According to the AHA, PAD programs should be considered when “An EMS call–to-shock time interval of <5 minutes cannot be reliably achieved with conventional EMS services.” Are you aware of any EMS systems that can produce a “call-to-shock” time of less than 5 minutes? Remember, this is “call-to-shock” not call-to-arrival-to-the-scene or even call-to-applying pads…As such, I’d argue that it is virtually impossible for an EMS system to deliver defibrillation therapy less than 5 minutes after a call.

While there is no standard for EMS response times (and here), most EMS and fire agencies set goals ranging form 6 to 8 minutes. In San Francisco, for example, SF fire has a goal of responding to over 80% of their calls within 6 and 1/2 minutes. According to a report, “The city’s objectives also are less rigorous than standards set by the National Fire Protection Association, which call for arrival on the scene within 6 minutes after a 911 medical call is answered.” In SF, first responders arrive on scene in 8 minutes or less 90 percent of the time – falling short of the city’s goal by up to 1 1/2 minutes.

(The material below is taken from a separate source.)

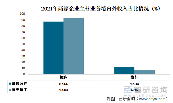 从2021年两家企业主营业务境内外收入占比情况来看,纽威数控境外收入占比较高,为12.34%,高于海天精工的6.96%。

So, if (a) San Francisco’s goal is to arrive within 6  1/2 minutes, over 1 1/2 minutes LATER than the AHA goal for EMS systems and (b) San Francisco is not meeting its own goal the majority of the time, then (c) a comprehensive community-based PAD program is needed in San Francisco (and any other community with similar response rates).

Additionally, San Francisco, and all other communities do not measure their response times based on “call-to-shock” but, typically, call to arrival on scene. Thus, its likely even further delays exist beyond the “call-to-shock” timeframe, evidence of an even greater need for a comprehensive PAD program.